Curiosity: Is the industry quietly moving from “retrieve the right text” to “model the right world”?


📚 Retrieve: The Three Signals, Decoded

Signal 1 — Genie Ontology: the enterprise “living context graph”

Databricks’ core argument is honest about why enterprise AI underperforms: the business context needed to use data is scattered across dashboards, queries, pipelines, wikis, tickets, documents, and chat threads. When the model can’t find that context, it fills the gap with inference — and you get answers that are “generic at best and wrong at worst.”

Their solution has three pieces, but the one that matters architecturally is Genie Ontology: an automatic context layer that extracts knowledge from tables, queries, dashboards, pipelines, and connected apps, then organizes it into a graph of how the company works and what the data actually means — metric definitions, business terms, unique calculations, and the relationships between concepts, metrics, tables, and teams.

The clever part is how it decides what to trust. Genie Ontology determines authority with a PageRank-like approach: it weighs where a definition came from, the authority of that source’s author, how often people rely on it, how closely it ties to certified assets, and how fresh it is. It also enforces source-native permissions so you only see what you’re authorized to.

Genie Ontology living context graph Databricks’ Genie Ontology positions the ontology as the context layer powering Genie One and Genie Agents.

This is the same family as Palantir Ontology: model the objects, relationships, permissions, and actions of the business, not just the documents. Databricks’ internal benchmark (a 28-question real-world data-analysis suite, June 2026) reports Genie answering 84.5% correctly on the first attempt versus 52.4% for the strongest general-purpose coding agent — at roughly 2× lower latency. Treat vendor benchmarks with the usual skepticism, but the direction is the signal: structured context beats raw retrieval on enterprise tasks.

Genie governed and secure context architecture Permissions are enforced on every answer through source-native ACLs or Unity Catalog.

Signal 2 — LLM Wiki as agent memory

Angie Jones (VP of Developer Experience, Agentic AI Foundation) makes a deceptively simple observation: Karpathy’s LLM Wiki — a collection of interlinked markdown files an LLM maintains — maps almost perfectly onto the taxonomy of agent memory.

The architecture is three layers:

1
raw sources → wiki → schema (AGENTS.md)
  • Raw sources — immutable input (documents, articles, notes). The agent reads and cites them but never edits them. This is the evidence layer.
  • Wiki — the structured markdown knowledge base the LLM maintains, plus two special files: index.md for navigation and log.md for a chronological activity record.
  • Schema (AGENTS.md) — the instruction layer telling the agent how to maintain the wiki: conventions, workflows, structure.
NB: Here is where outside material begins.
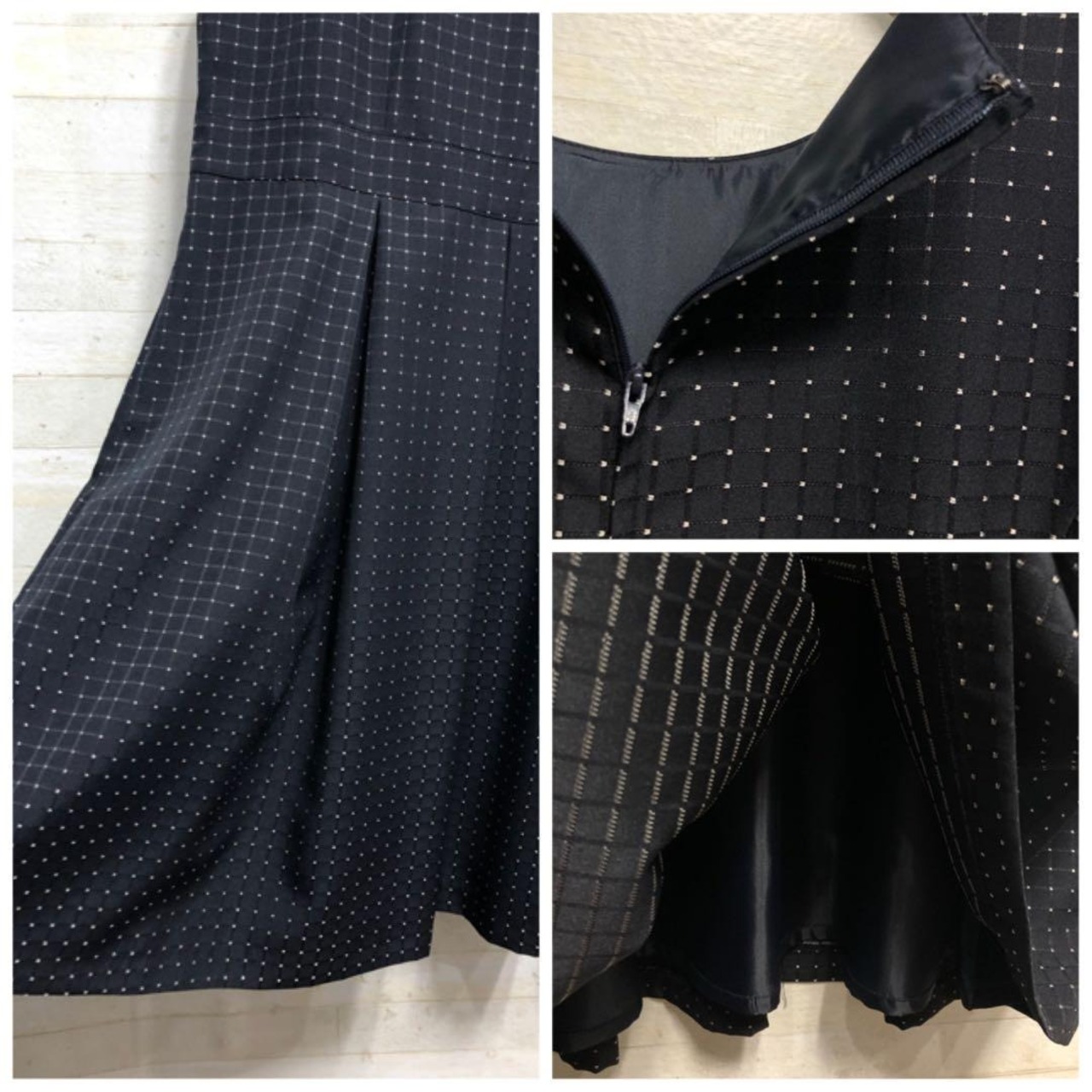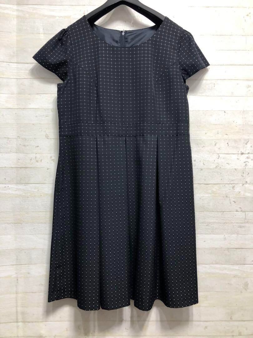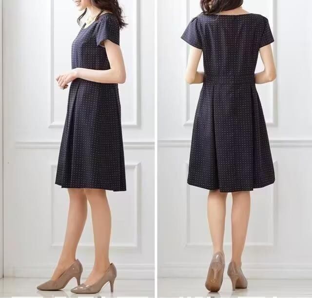 ・紺系ドット織り柄のワンピース

What makes this click is the mapping to memory types:

| Memory type | Where it lives in the wiki | What it stores | |:–|:–|:–| | Semantic | topics/, trends/ | Durable facts and synthesized meaning across many sources | | Entity | speakers/, sessions/, events/ | Facts about specific named things and their relationships | | Episodic | log.md, dated refresh pages | What happened, when, what changed | | Summary | source/session/speaker pages | Compressed representations of larger evidence sets | | Procedural | AGENTS.md | How to merge, update, decay, and de-duplicate knowledge | LLM Wiki as agent memory: raw sources to wiki to schema The raw sources → wiki → AGENTS.md schema layering maps cleanly onto semantic, entity, episodic, summary, and procedural memory.

The honest caveat she raises: the wiki pattern has not replaced conversational or working memory for her — those stay short-lived and in-session. The wiki shines for persistent memory. That tradeoff matters.

Signal 3 — HyGRAG: context-aware and relation-aware GraphRAG

The arXiv paper (2606.18075, accepted at WWW ‘26) names the exact limitation I keep hitting with naive GraphRAG. Existing graph methods split into two camps:

  • Entity-centric approaches connect logically related content but retrieve through similarity search.
  • Chunk-centric approaches preserve context but also retrieve separately.

Both “operate on representations anchored to original text without true knowledge fusion” — they miss the emergent understanding that comes from synthesizing context and relations together.

HyGRAG (hierarchical graph RAG) addresses three challenges:

  1. Build summaries that genuinely integrate contextual and relational information.
  2. Use those synthesized representations to access emergent knowledge at retrieval time.
  3. Update hierarchical structures efficiently for dynamic corpora — via attachment-based algorithms with only local re-summarization.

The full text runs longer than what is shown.